This sentiment is at once a sermon upon unity and an epitome of the history of the Latter-day Saints. By their union and system of mutual help they have again and again redeemed wildernesses; every time demonstrating that the Prophet's view of the power of human harmony was correct—for where the love of truth and the concord of the Saints exist there is no room for Satan, and hell itself must be transformed into a region of bliss.

Joseph was putting these principles into practice at Nauvoo, and a beautiful city was growing out of a marsh; and institutions for human liberty and human advancement were growing out of the most adverse conditions.

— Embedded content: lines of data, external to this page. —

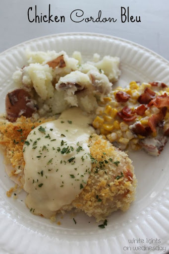 Lay all of the chicken breast halves in a single layer in the bottom of your baking dish – unlike the traditional CCB recipe, there is no second layer of chicken in this dish. Top each breast with two slices of ham and 1 slice of cheese, so that the entire breast is covered. Sprinkle bread crumbs over the top of the chicken.
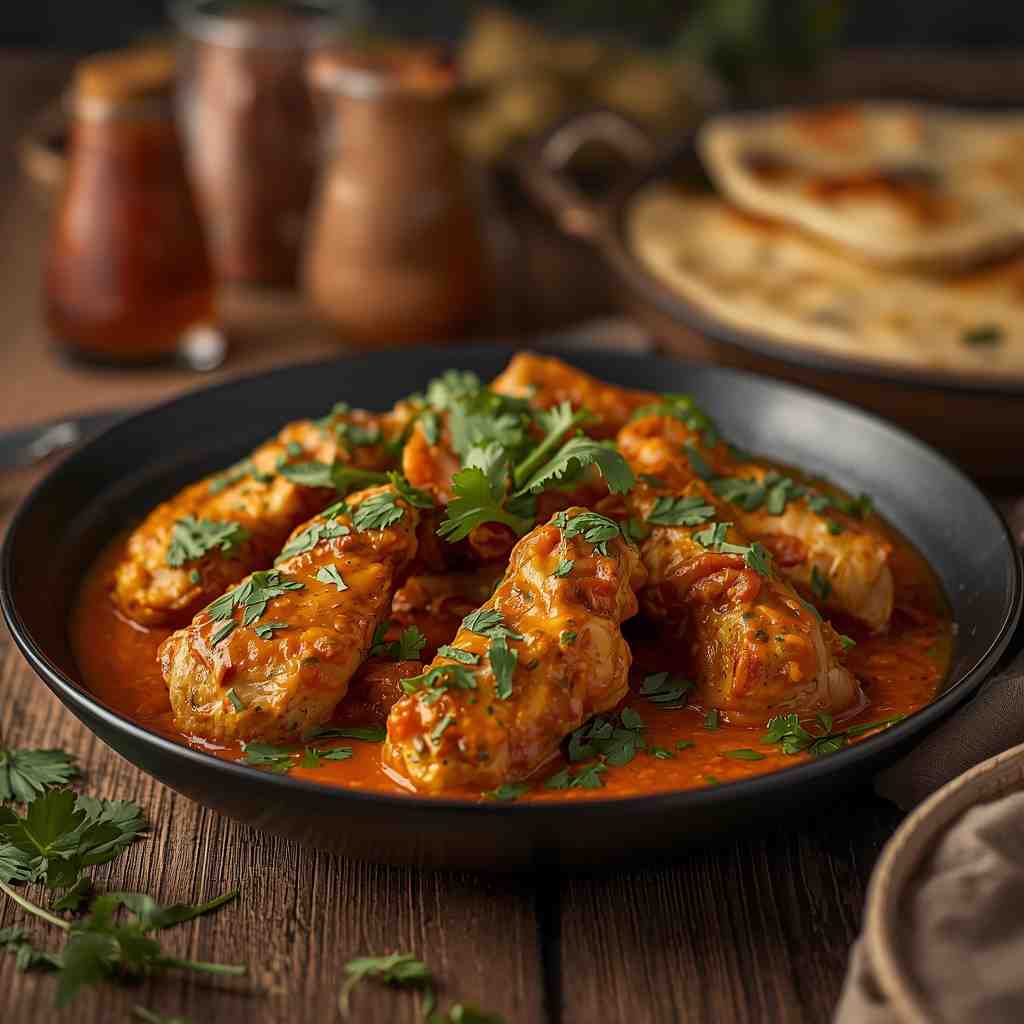 Serve butter chicken in a deep bowl with a drizzle of cream and a sprinkle of cilantro. Place warm garlic naan on the side — brushed fresh with garlic butter. Optionally serve with basmati rice or cucumber raita.
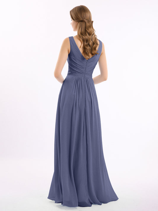 Babaroni GeorgiaGeorgia Escote En V Gasa Largo Vestido De Dama De Honor Tormenta Tallas Grandes
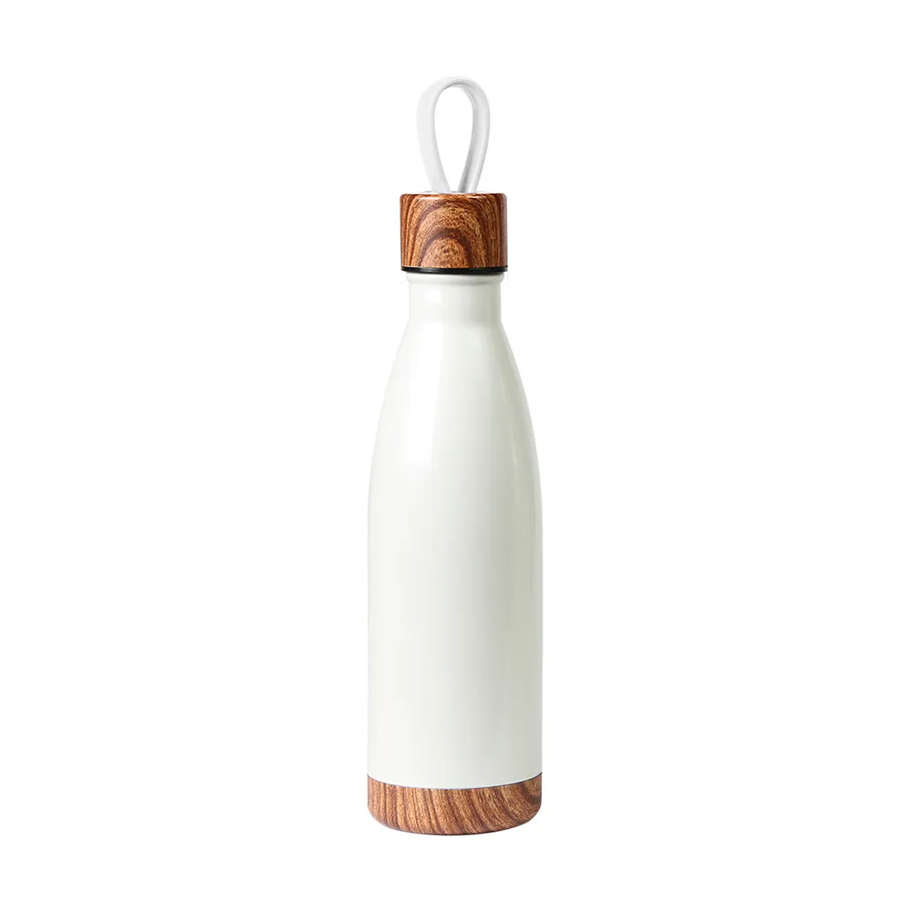 Termo de acero inoxidable doble pared, con correa de TPR, tapa de rosca y detalles apariencia madera, fabricado en materiales de grado alimenticio, mantiene bebidas frías o calientes por un largo tiempo, no usar en microondas. Capacidad de 500 ml (17 oz). Incluye caja de cartón individual.
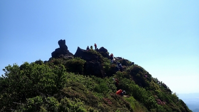 | 東峰から西峰を写す 山頂を後にします 東峰に登ったグループが撮影 ・・・・・・・・・・・・・・・ |
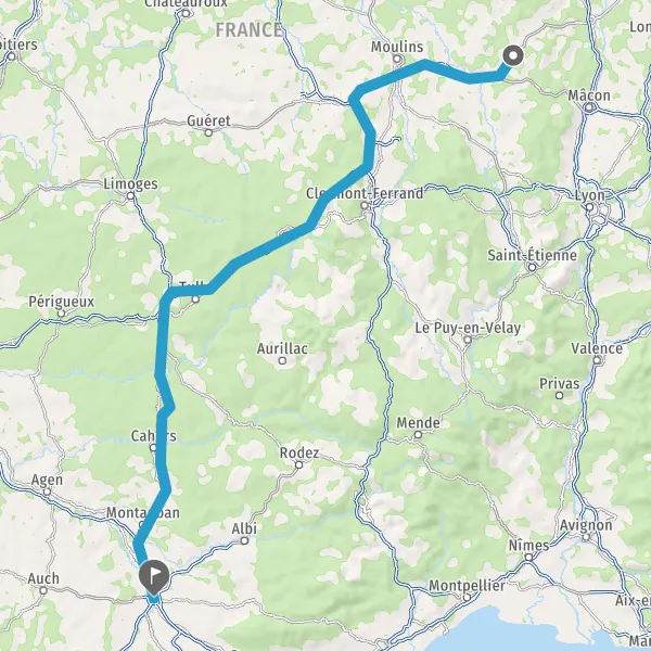 Prendre à droite et rejoindre A89 E70. Continuer sur 160 kilomètres
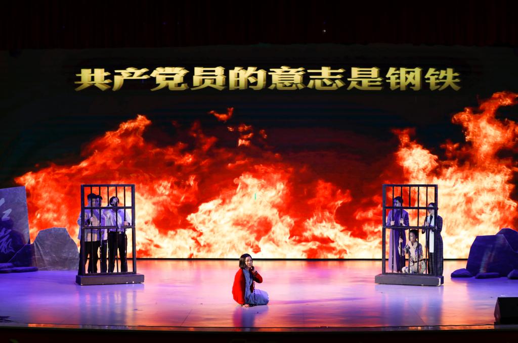 展演活动分为上下两大篇章,上篇以《我的修养要则》《红色女特工》《沁园春·雪》这三个剧目向现场观众讲述了伟大红岩精神诞生的故事;下篇以《我们没有玷污党的荣誉》《傲雪红梅》《绣红旗》这三个剧目为大家介绍了重庆解放前夕在渣滓洞、白公馆英勇牺牲的烈士们可歌可泣的英雄壮举。演员由红岩联线发展管理中心的讲解员和管理后勤人员担任,以饱满的情感,抒发了对老一辈无产阶级革命家和先烈们的崇敬之情,通过讲、诵、展、演等形式,生动讲述了以毛泽东、周恩来为代表的老一辈无产阶级革命家在革命年代的奋斗历程及众多被关押在渣滓洞、白公馆的中国共产党人,经受住种种酷刑折磨,不折不挠、宁死不屈所凝结成的“红岩精神”。尾声用习近平总书记的殷殷寄语,对该主题教育进行升华。最后全场齐唱《歌唱祖国》,嘹亮的歌声表达了师生们爱党爱国的情怀。
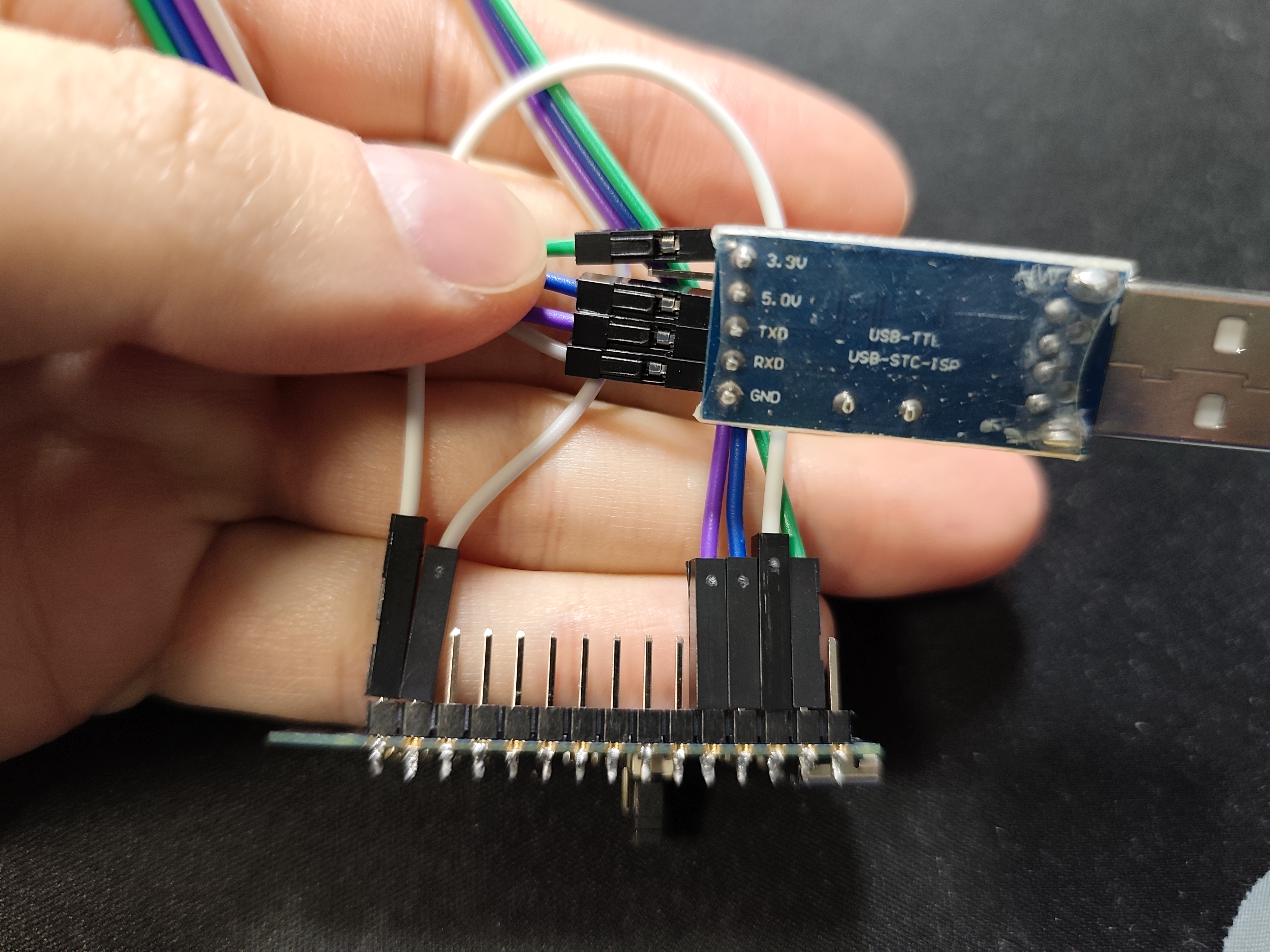 带上USB转TTL模块,来一张全景照(注意线的颜色):

Near the opening of 1842 the Prophet, with President Brigham Young and Bishop Newel K. Whitney, began to devise a plan, by which a cheap and expeditious conveyance of the Saints from the old world to Nauvoo might be secured through a united effort; and the mercantile interests of the people might be made to serve the general welfare and protect and help the poor. The Prophet himself did not hesitate to engage in mercantile and industrial pursuits; the gospel which he preached was one of temporal salvation as well as spiritual exaltation; and he was willing to perform his share of the practical labor. This he did with no thought of personal gain, for in opening the store at Nauvoo he said:

I rejoice that we have been enabled to do as well as we have, for the hearts of many of the poor brethren and sisters will be made glad with these comforts which are now within their reach.

In a letter to Brother Edward Hunter, under date of January 5th, 1842, the Prophet shows his humility and the love of his heart in these words:

The store has been filled to overflowing and I have stood behind the counter all day, distributing goods as steadily as any clerk you ever saw, to oblige those who were compelled to go without their Christmas and New Year's dinners for the want of a little sugar, molasses, raisins, etc.; and to please myself also, for I love to wait upon the Saints and to be a servant to all, hoping that I may be exalted in the due time of the Lord.

What a picture is here presented! A man chosen by the Lord to lay the foundation of His Church and to be its Prophet and President, takes joy and pride in waiting upon his brethren and sisters like a servant. The self-elected ministers of Christ in the world are forever jealous of their dignity and fearful of showing disrespect to their cloth; but Joseph never saw the day when he did not feel that he was serving God and obtaining favor in the sight of Jesus Christ by showing kindness and attention "even unto the least of these."

One Tom Sharp, editor of the Warsaw Signal, was devoting the greater part of his time and the greater part of his paper's space to slanders and misrepresentations of the Saints. The Prophet's comment upon this man, who afterward became a prominent factor in the persecutions against the people, was: "Let Sharp publish what he pleases: the faster he prints his lies the sooner he will get through."